The organizers energetically welcomed us with more enthusiasm than we could imagine on a Saturday morning, full of high fives in response to “Bryn Mawr” and Philly language that felt like home (“Ard bet!”) The conference programming was found on an app named Guidebook that we were all encouraged to download; on it were listed all of the workshops (with descriptions!), locations and times so that we were able to choose & customize our own engaging experience. It was pretty cool and really helpful when I needed to refresh myself on what was available to me. They gave us these neat bags with everything we might need for the conference, and we headed inside the main room for light breakfast, jars of pins reading from pronouns, to identities, to promises for allyship, and eventually welcoming remarks made by Temple alum and Pennsylvania State Representative Malcolm Kenyatta.
I made note of the things he said that I found most interesting.
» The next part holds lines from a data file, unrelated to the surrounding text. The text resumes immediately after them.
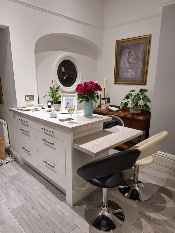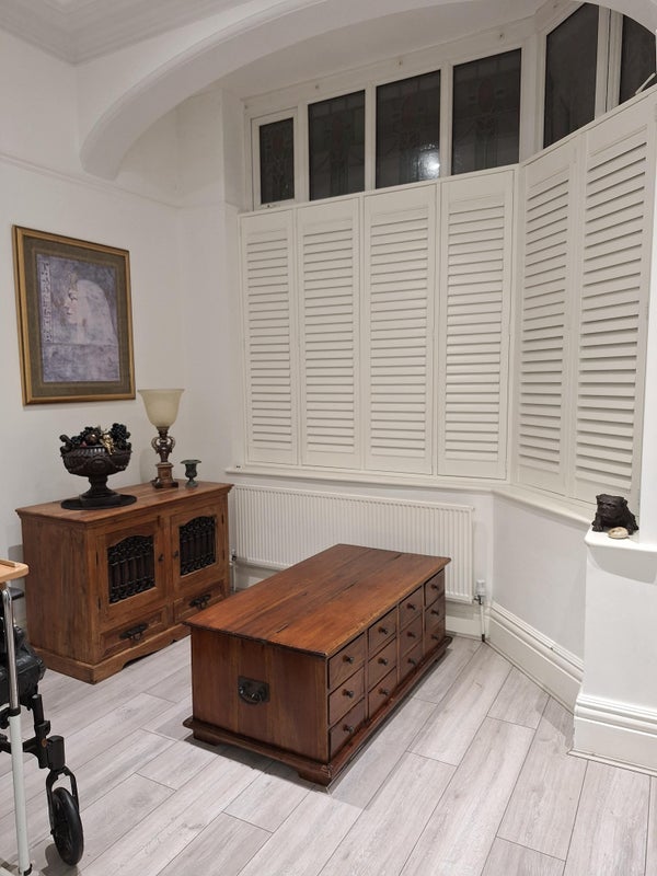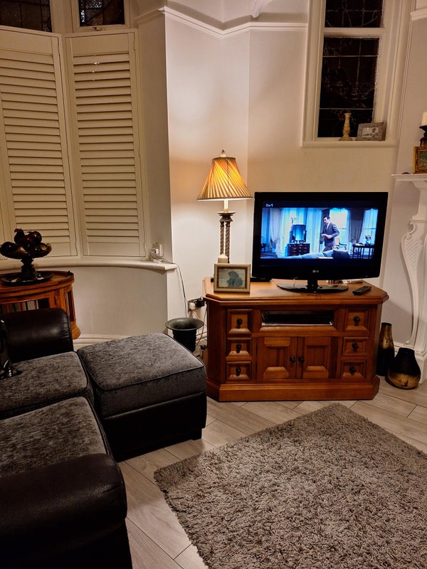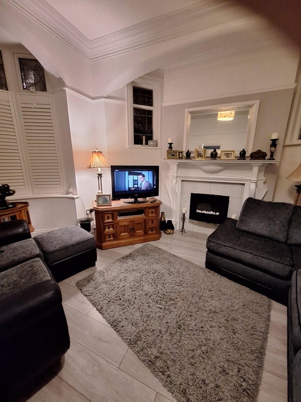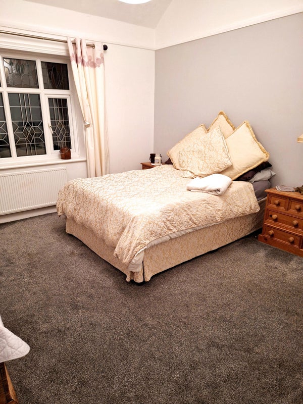 King Size fully furnished room ..TV. Broad band .linen .modern bathroom with walk in shower. .Fully fitted modern kitchen Utility room (washing machine) Forecourt Car parking. 10 mins walk Victoria Hospital and to centre.. Garden front secure back courtyard.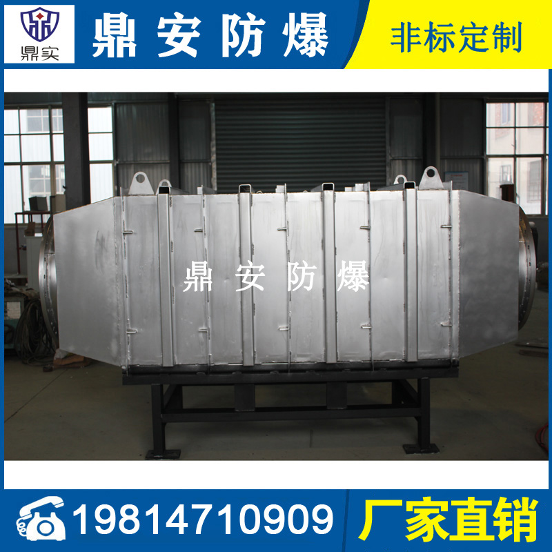 1、本體:該設備本體為方箱形。外殼及內膽為不銹鋼板材,保溫層采用硅酸纖維鋁作填充保溫,并配有型鋼支座,結構穩定、牢固。冷風進口及熱風出口為法蘭式結構。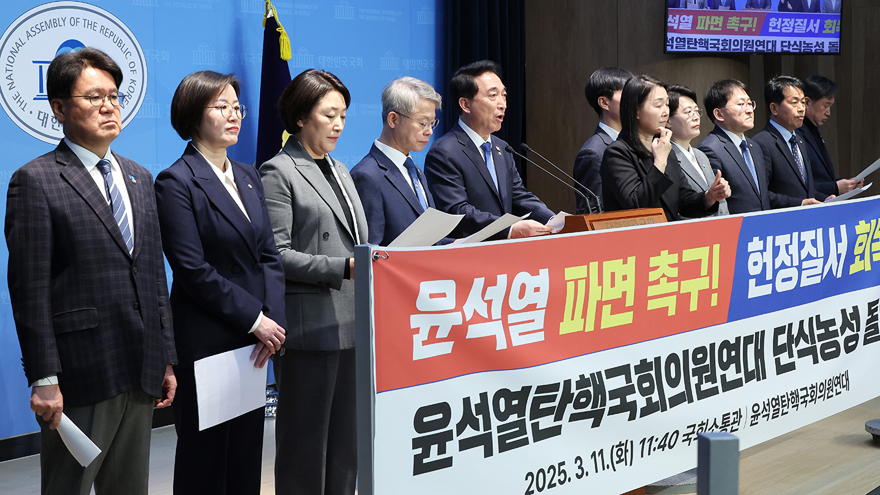 이들은 오늘(11일) 국회 기자회견에서 "헌법재판소의 신속하고 단호한 탄핵 인용을 촉구하며 단식농성을 벌일 것"이라고 밝혔습니다.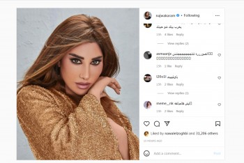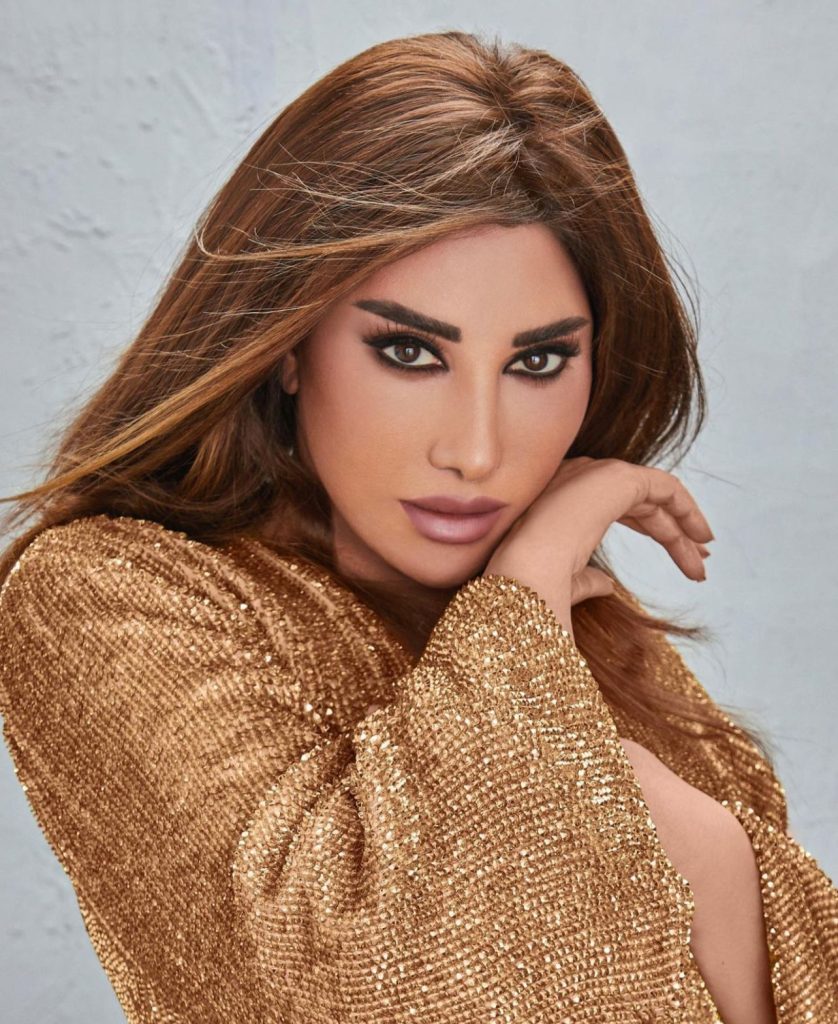 وبالصورة ظهرت نجوى وهي مرتديةً فستاناً ذهبي اللون راق لها وأظهر شياكتها وذوقها الرفيع بإختيار ملابسها، وإعتمدة على مكياج ناعم أظهر نعومتها كما وإعتمدت على لوك شعر جديد إختارت فيه على اللون البني الفاتح ما أظهر جمال وجهها.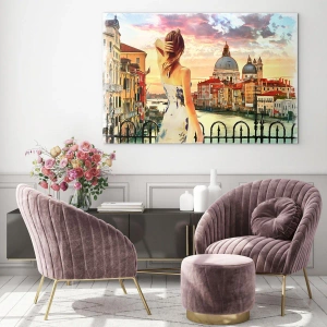 Glastavla - Bild på glas - En kvinna beundrar utsikten över Venedig i solnedgången. - 70x50cm - Äventyr endast i ... - Modern väggdekoration för vardagsrum och sovrum ARTTOR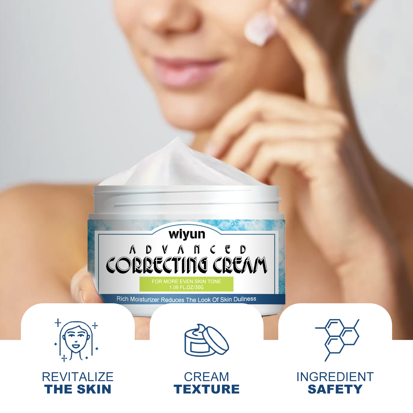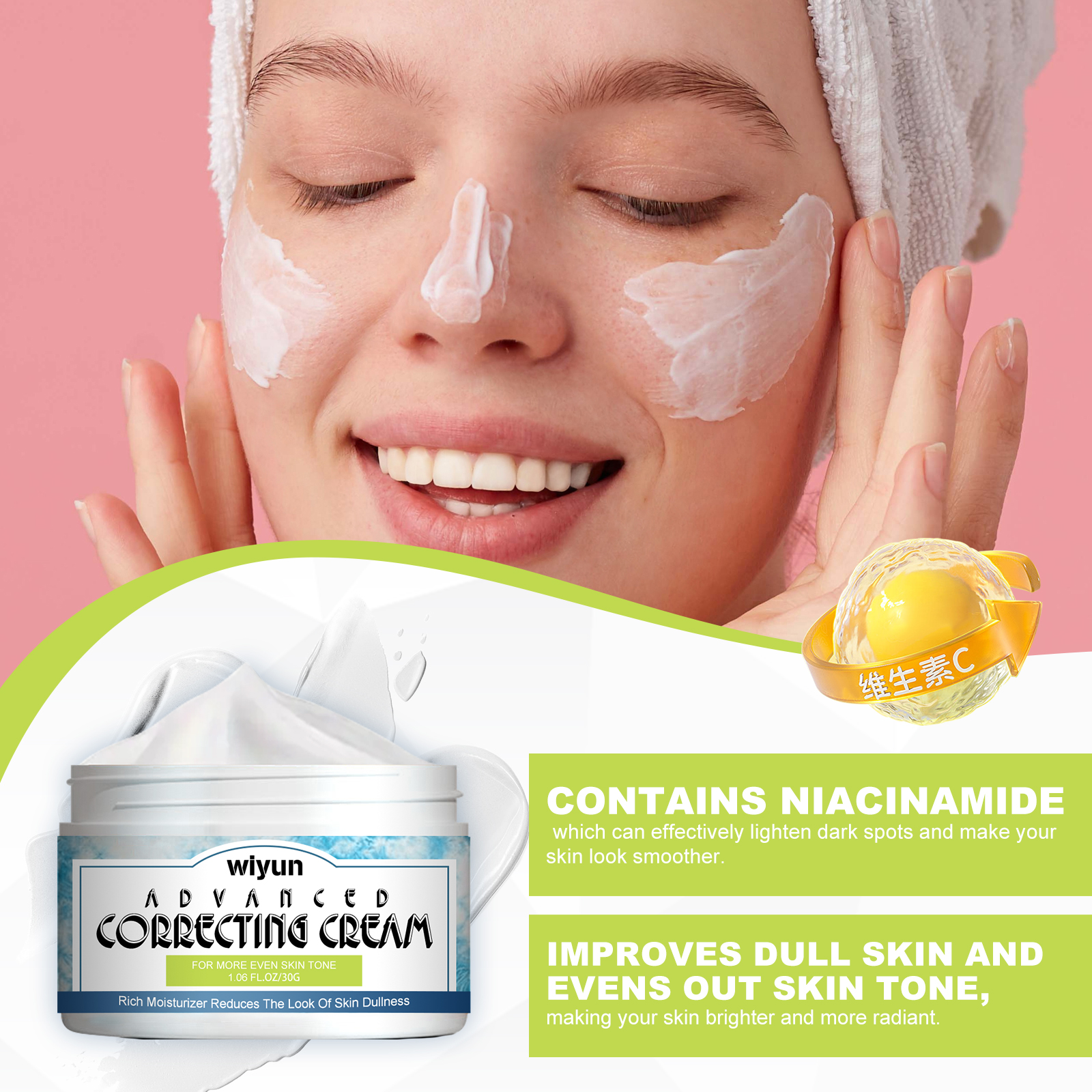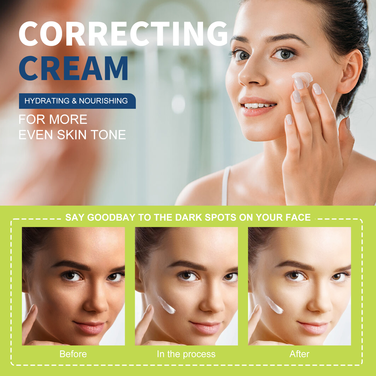 Our Correcting Cream contains vitamin E, niacinamide and vitamin B5. It can effectively lighten dark spots, improve dull skin tone, even out skin tone, and make your skin brighter and more shiny. Its application method is very simple: after cleansing, evenly apply the cream to the face skin, gently massage until completely absorbed. After use, it can lighten the skin, fade freckles and melasma, and make your skin smoother and fairer.

Malcolm emphasized to us that diversity and inclusion were not enough; instead, he expressed, we should move towards making our work about diversity & invitation. He said something that really resonated with this: that “everyone wants to talk about bringing different people to the table until they have to give up their seat.” In his words, we “gotta unplug the whole game.” Malcolm told us that it’s not our responsibility to change the whole problem; but for that reason we can each make change within our own spheres of influence. Our friendships, intimate relationships, families, our circles are all, to an extent, within our ability to change and act, something easy to forget but sometimes comforting to remember. The spirit of “Random Acts of Inclusion!”
Of the workshops I attended, many of them orbited around the idea of how our language can operate towards change. We learned tips for making our everyday language reflect the values we hold towards openness and inclusion, how to make conversations more accessible, and how to channel that into uncomfortable or difficult topics. I found it heartening to see how some facilitators put those things into practice; one of them underlined that although he was presenting his work to us, if something was unclear it was because he wasn’t clear. He was always open to the addition of things he may have missed. People were able to bring their hard experiences into the space and be thanked/applauded for their vulnerability.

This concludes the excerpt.